Plus the film adaption has Colin Firth and Reese Witherspoon in it and that’s always great. (Yes, I watched the film before I read the play. And yes, the film is pretty good adaption. Better than the Dorian Gray one which couldn’t even be saved by the presence of Colin Firth unfortunately. Done talking about him now.) Read it, that’s the point I am trying to get at.
5) 1984 – George Orwell – 3.5/5 stars
I have heard things about this book. Great things. Some not so great things. Both opinions are to be expected with books that have been deemed a classic. But it does lead to expectations. And I think it almost met them with me.

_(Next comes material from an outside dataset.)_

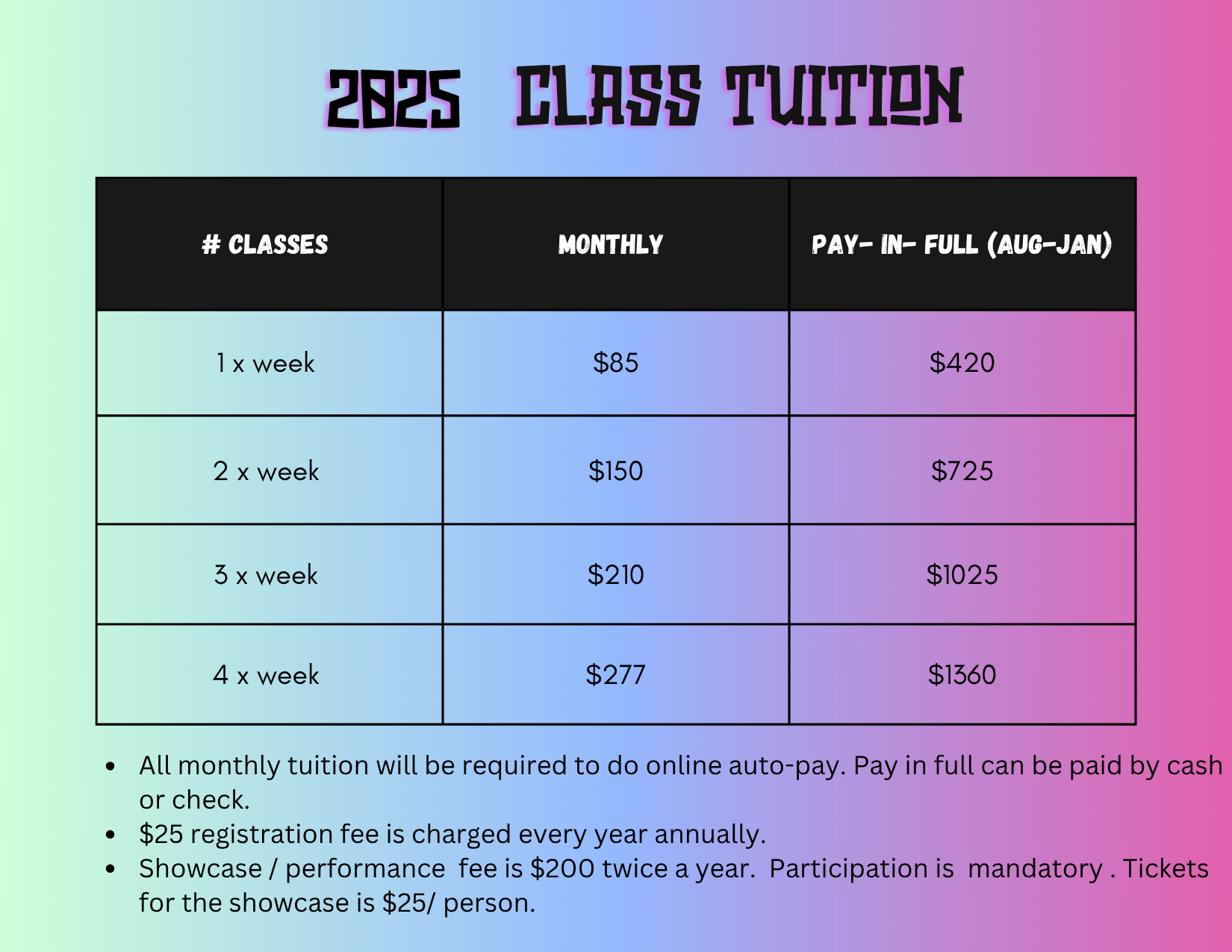 Aug 22nd- Aug 24, 2025- Studio Closed for Vegas show/ all classes will be canceled. Tuition has been calculated with pro-rate for this weekend.

There was this whole section where I would rather do any other menial task except reading the pages ahead of me because they were so damn boring, and honestly I don’t think they were all that relevant? I mean I personally didn’t carry on reading the book at think at any point ‘oh that thing that happened during that meta part is important to this section’, but that have just been me.
I found the whole plot interesting and liked how it made you kind of take stock and think about society and all that jazz. And power, the way it plays with and explores power and those who have, those who don’t and those who think they do, I liked how that ran through the book. It was kind of a powerful (pun not intended, but welcomed) story in that respect. And similar to Animal Farm it’s still relevant even now.
So with the exception of that one part, I would definitely recommend this book.
And we’re done with another batch. Who knows when the next one will come, I sure don’t as I’m only about half way through the next set of five. And I figured out the other day that I have about 60 or so days to read 14 books and because I am foolish 3 out of 14 are over 500 pages…I love a challenge.
Parentheses count: 7. See you tomorrow!